Ramadan di Kampung Arab Pekojan

07 Juni, 2017

Kegiatan mengaji menjelang waktu berbuka puasa di Masjid Jami Annawier,Rabu (7/17). tirto.id/Arimacs Wilander

Gerobak makanan pedagang kaki lima tak beroperasi saat siang hari di Pekojan,Rabu (7/17). tirto.id/Arimacs Wilander

Pedagang makanan kaki lima mulai berjualan di sekitaran daerah Pekojan jelang waktu berbuka puasa,Rabu (7/17). tirto.id/Arimacs Wilander

Toko minyak wangi khas orang Arab dibawah bangunan Langgar Tinggi, Pekojan,Rabu (7/17). tirto.id/Arimacs Wilander

Warga etnis Cina pulang dari tempat usahanya, saat Ramadan toko-toko di Pekojan tutup lebih awal,Rabu (7/17). tirto.id/Arimacs Wilander

Jamaah Masjid Jami Annawier berisitrahat menunggu waktu berbuka puasa,Rabu (7/17). tirto.id/Arimacs Wilander

Abdullah (67) warga keturunan Arab di Pekojan sedang bersantai menunggu waktu berbuka di depan rumahnya,Rabu (7/17). tirto.id/Arimacs Wilander

Warga Pekojan membeli makanan untuk berbuka puasa,Rabu (7/17). tirto.id/Arimacs Wilander

Jamaah Masjid Jami Annawier berwudhlu, bersiap menunaikan Shalat Maghrib,Rabu (7/17). tirto.id/Arimacs Wilander

Jamaah Masjid Jami Annawier melaksanakan berbuka puasa,Rabu (7/17). tirto.id/Arimacs Wilander

Warga Pekojan menunaikan ibadah Shalat Maghrib,Rabu (7/17). tirto.id/Arimacs Wilander

Dulunya daerah Pekojan, Jakarta Barat, dikenal dengan Kampung Arab. Lokasinya tak begitu jauh dengan wilayah Kota Tua, Jakarta.

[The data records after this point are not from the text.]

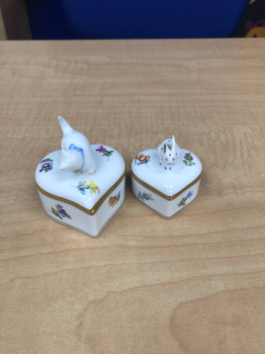 - Herend ヘレンド ミルフルール ハートボックス ネコちゃん うさぎさん 小物入れ ジュエリーボックス 2点 中古品
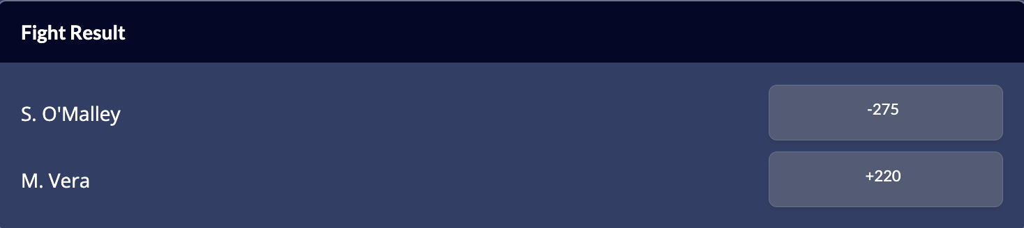 O’Malley is a -275 favourite to win on the MMA odds, while Vera is a +220 underdog.
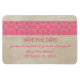 Einfache und elegante Rustic Lace Save the Date Premium Flexi Magnet mit einem Vintag strukturierten Papierhintergrund und einem süßen und tönigen Spitzen-Rahmen in magenta. Einfach anpassen, einfach Ihre Hochzeitsdetails hinzufügen. Klicken Sie auf "Anpassen", um weitere Personalisierungsoptionen zu erhalten.
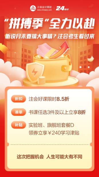 2024年注会备考进行中,网校助大家一臂之力!想要报课、买书的同学们注意啦,拼搏季活动惊喜来袭,限时折扣风暴席卷而来,手慢无,心动不如行动!
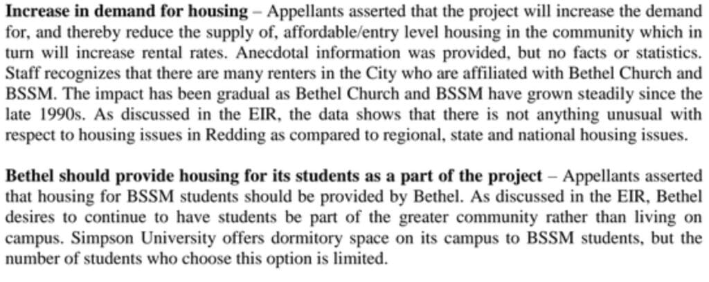City staff acknowledge that there’s no doubt Bethel’s lack of student housing affects the quantity and affordability of housing options within the City of Redding. But they still respond to appellants’ concerns by saying that Bethel doesn’t want to provide housing for students, that students might not utilize that housing anyway, and that data provided in the Bethel campus project’s Environmental Impact Report shows that there is not anything unusual with respect to housing issues in Redding as compared to regional, state, and national housing issues.
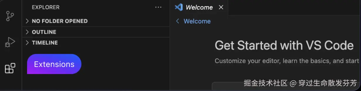 安装 Visual Studio Code 后,左侧导航栏上点击扩展,打开扩展窗口。
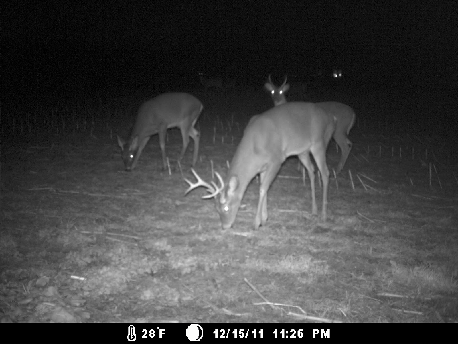 Finally a buck has come out of hiding. I moved one of the cameras down along a creek next to a rye field that I had seen deer coming into right before dark last week. And I finally guessed right. Looks like a nice young 8 pointer along with his buddy a small spike. Also got some pics of a couple of big does. Hopefully after the holidays I can get back into some serious camera trapping.

Orang-orang Arab datang ke Indonesia dan kebanyakan berdagang di Pekojan. Lokasinya memang tak juga begitu jauh dari Pelabuhan, karena dulunya orang-orang Arab ini hijrah dengan menggunakan kapal laut.

Kini, tak banyak orang Arab yang tinggal di Pekojan. Kebanyakan menyebar ke beberapa daerah di Jakarta. Pekojan, kini tak hanya dihuni Orang Arab, justru Orang Cina cukup banyak yang tinggal disini.

Saat puasa Ramadan tiba, daerah Pekojan tak begitu ramai. Empat Masjid Kuno, Masjid Jami Annawier, Langgar Tinggi, Mushala Ar-Raudhah, dan Masjid Al-Anshor aktifitasnya tak begitu ramai. Namun tetap ada aktifitas mengaji dan para jamaah yang berbuka puasa bersama disana, khususnya Masjid Jami Annawier.

Meski tak begitu banyak aktifitas religi Bulan Ramadan di Pekojan, atmosfer kota tua dan keislamanya begitu kuat lewat banyaknya bangunan dengan arsitektur kuno yang tetap dipertahankan disini.